▶ **The task**
Set down the data below word for word, and leave the images aside.

▶ **Data segment**
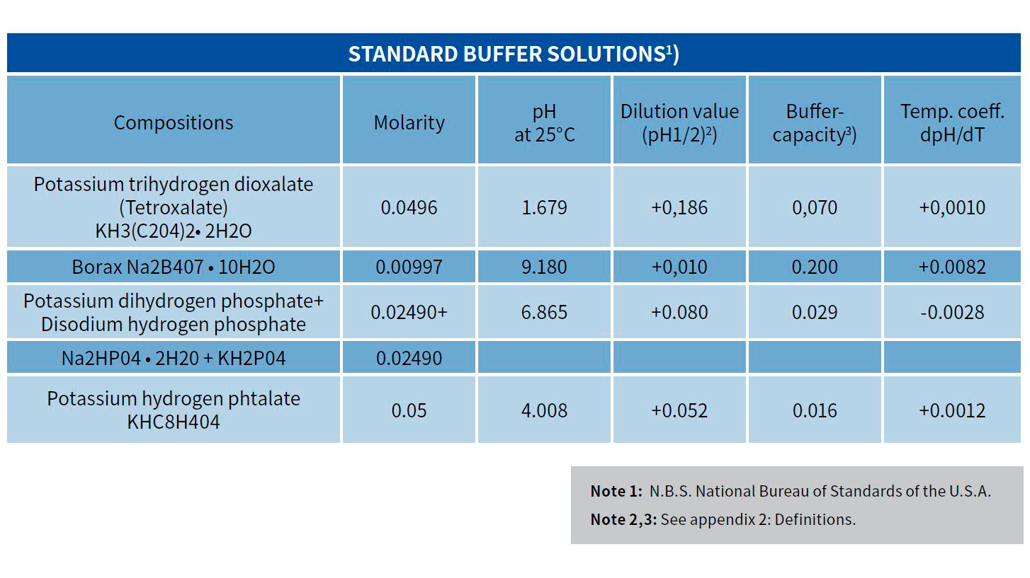 Eksempler på foretrukne buffere fra Yokogawa er vist i tabellen nedenfor. Bufferopløsninger fremstillet af disse stoffer er i overensstemmelse med anbefalingerne fra DIN Standards Committee og National Institute of Standards and Technology (NIST). Stofferne er udvalgt for deres særlige egnethed som kalibreringsstandarder for præcisions-pH-målere.
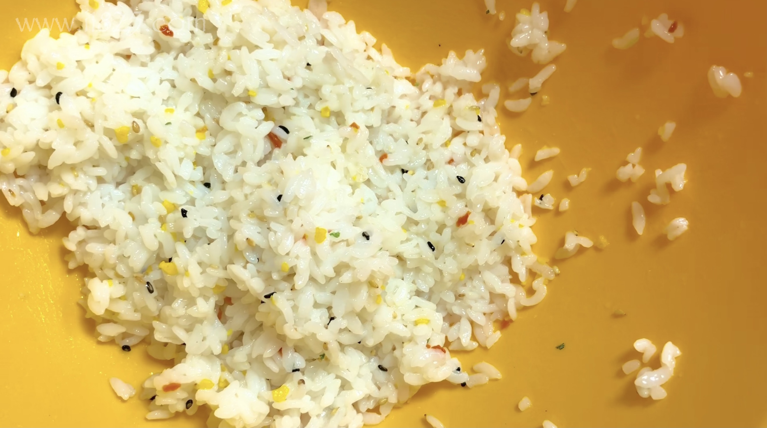 넓은 볼에 밥에 고소한 조미 볶음과 초밥 천하 짱 소스를 넣고 골고루 섞어주세요.
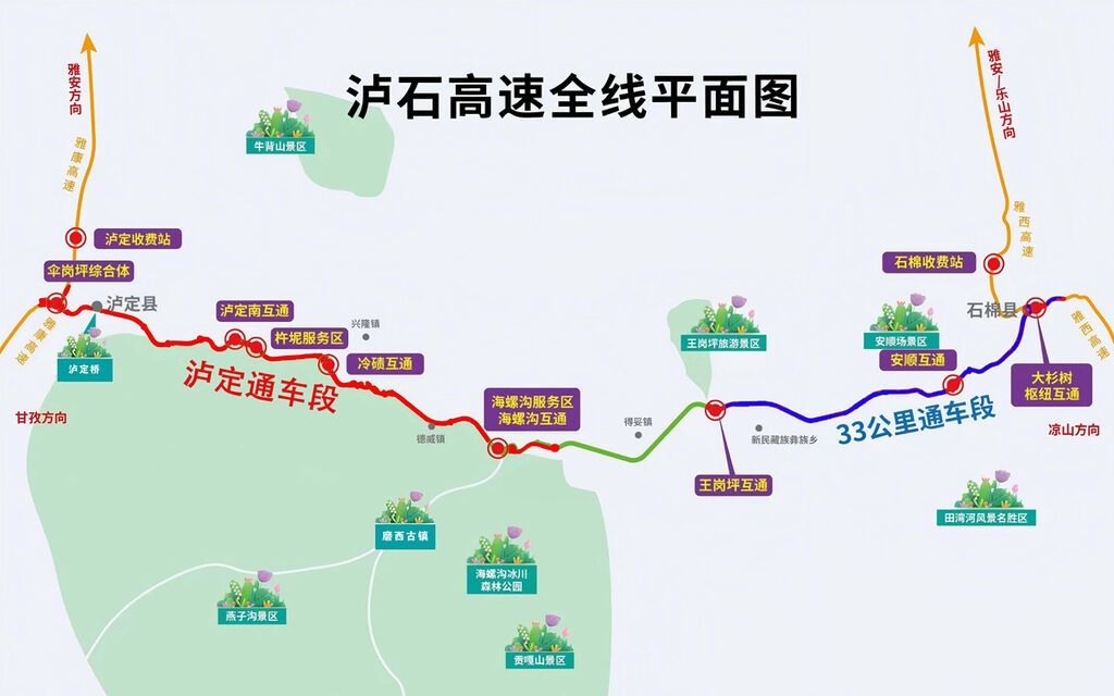 本次通车的泸石高速泸定段,起于泸定县伞岗坪互通,连接雅康高速,途经泸定南、冷碛,止于海螺沟互通,按双向四车道标准建设,设计时速80公里。路段内共设桥梁34座、隧道8座、互通式立交4处,目前该路段免费通行,泸定南、冷碛、海螺沟3处收费站已同步开通,配套服务区(停车区)将后续投用。
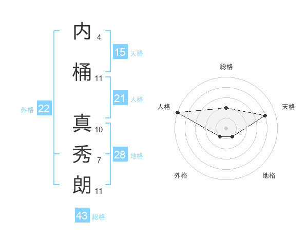 内桶 真秀朗さんを姓名の画数から五運を鑑定

▶ **Solution**
 Eksempler på foretrukne buffere fra Yokogawa er vist i tabellen nedenfor. Bufferopløsninger fremstillet af disse stoffer er i overensstemmelse med anbefalingerne fra DIN Standards Committee og National Institute of Standards and Technology (NIST). Stofferne er udvalgt for deres særlige egnethed som kalibreringsstandarder for præcisions-pH-målere.
 넓은 볼에 밥에 고소한 조미 볶음과 초밥 천하 짱 소스를 넣고 골고루 섞어주세요.
 本次通车的泸石高速泸定段,起于泸定县伞岗坪互通,连接雅康高速,途经泸定南、冷碛,止于海螺沟互通,按双向四车道标准建设,设计时速80公里。路段内共设桥梁34座、隧道8座、互通式立交4处,目前该路段免费通行,泸定南、冷碛、海螺沟3处收费站已同步开通,配套服务区(停车区)将后续投用。
 内桶 真秀朗さんを姓名の画数から五運を鑑定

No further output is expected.